Tuesday, August 6, 2013

The Institute for Objectivist Studies

I've been meaning to post something on this web site "founded in March 2013 by Irfan Khawaja and Carrie-Ann Biondi, professors of philosophy at New York City-area institutions with long-standing interests in Objectivism." In short, I recommend checking it out.
 
Irfan's latest post about The Atlas Society's Graduate Seminar caught my eye when he shares his observations after attending this seminar.
 
[M]any of the problems I observed at the seminar were, to put the matter bluntly, an offense against the practice of philosophy and of inquiry quite generally. I said that many of the presenters presented their material in a competent, responsible way. But some did not. I think candor compels the assertion that some of the presentations given were shockingly deficient in argument, evidence, and coherence. This would be a relatively minor issue, or at least a remediable problem, if the atmosphere of the seminar had been conducive to an open airing of the relevant problems. But it wasn’t. This latter defect--a defect of openness obvious to just about every participant in the seminar--calls into question The Atlas Society's much-advertised claim to practice an "open" form of Objectivism not practiced elsewhere. With all due respect, I must dissent from this claim, and insist that those who make such claims acquire more inductive evidence about the rest of the Objectivist movement before they make them. Movement Objectivists should also (let me suggest) stop deriding academic philosophy and start learning something from it. The fact is, there is more openness at the average academic conference--I've run five in the last five years--than there was at the TAS Graduate Seminar.
 
I agree with Irfan’s comments about learning from academic philosophy. While I have never attended an academic conference (primarily because I’m not an academic philosopher) I have read books written by philosophers.
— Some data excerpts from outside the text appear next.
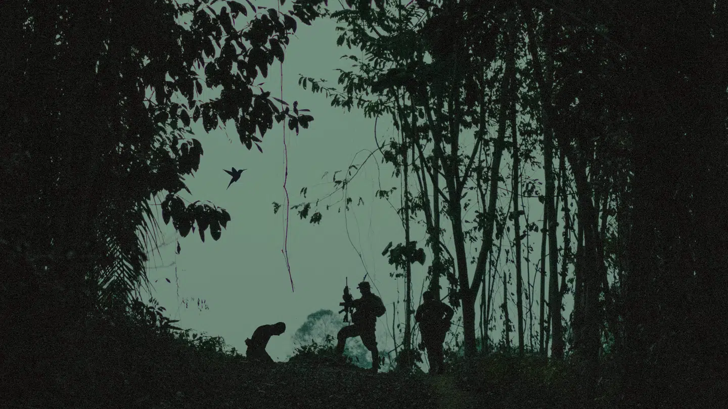 Landstedet er bevogtet af bevæbnede FARC-soldater. Andre gemmer sig rundtom på bjerget.
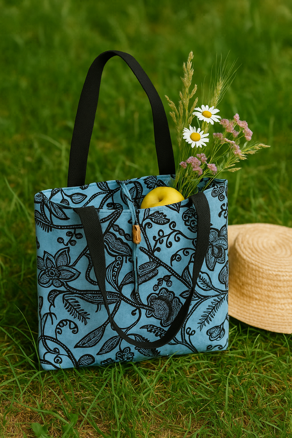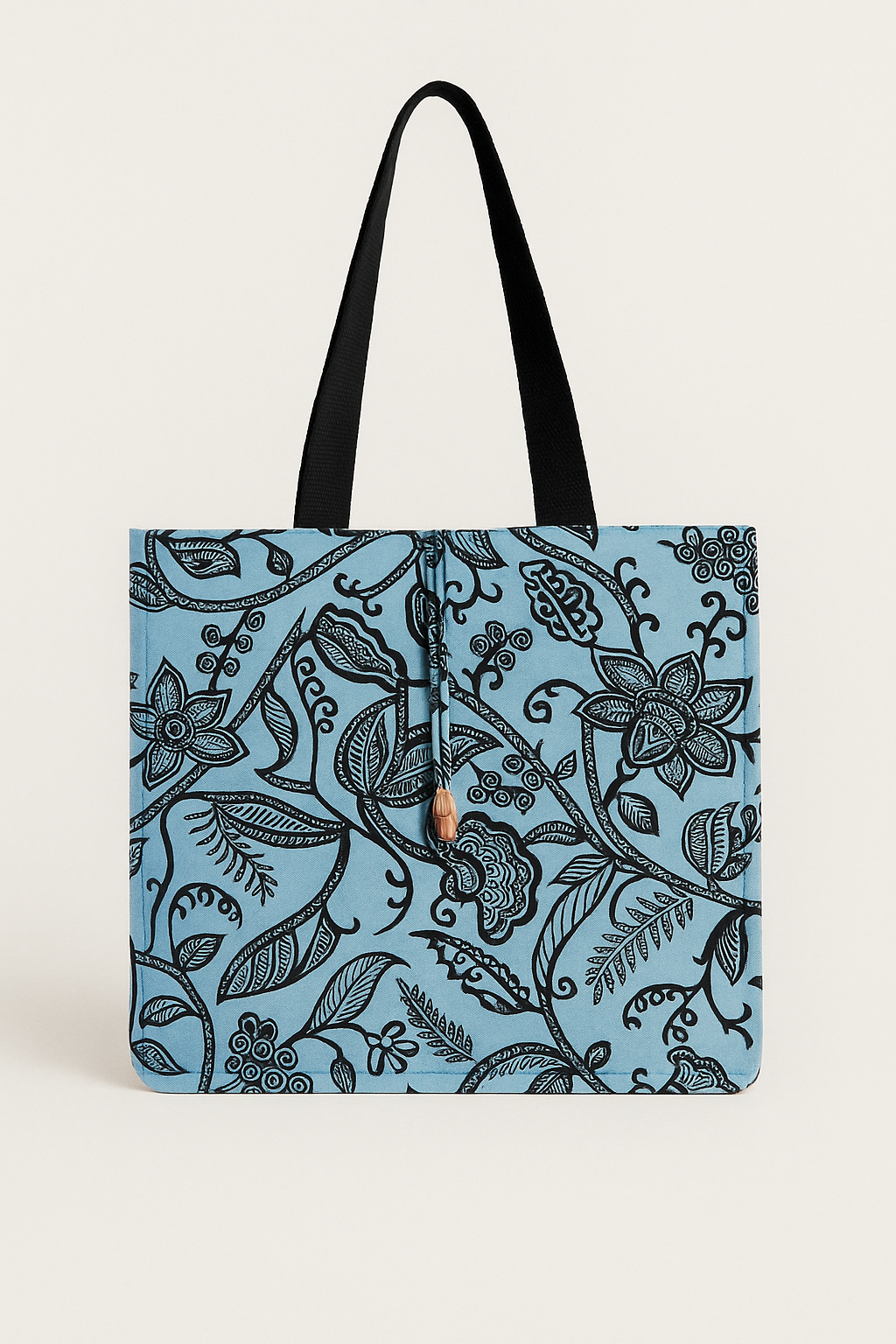 Sac cabas bleu nuit orné de motifs géométriques blancs inspirés du mud cloth. Élégant et intemporel, il reflète la sagesse et la connaissance.
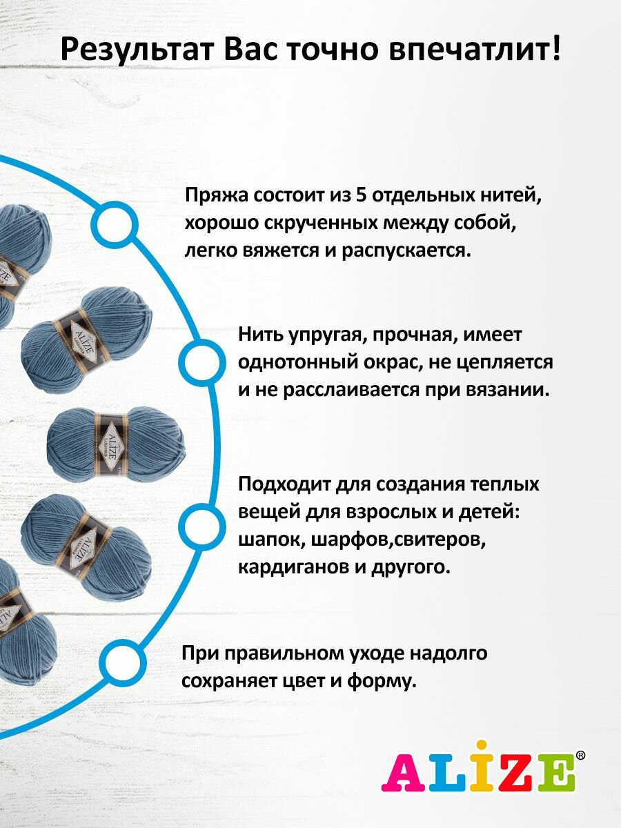 Отзывы на Пряжа для вязания ALIZE 'Lanagold', 100г, 240м (49% шерсть, 51% акрил) (498 серо-синий), 5 мотков

Their usual style of building their case is to first present the positions of other philosophers, critique them fairly (or as fairly as possible) then build the reasons why we should accept their counter proposal. The acknowledgement sections of these books (and papers) often cite many people who reviewed the manuscripts and offered criticisms or suggestions where the argument could be improved.
 
I know some Objectivists yearn for the day when the academic world will take Rand and Objectivism more seriously. Part of the “dues” that need to be paid for this acceptance is their willingness to let peers critique their work. If what Irfan says is true (and I have no reason to doubt him) The Atlas Society still has a ways to go.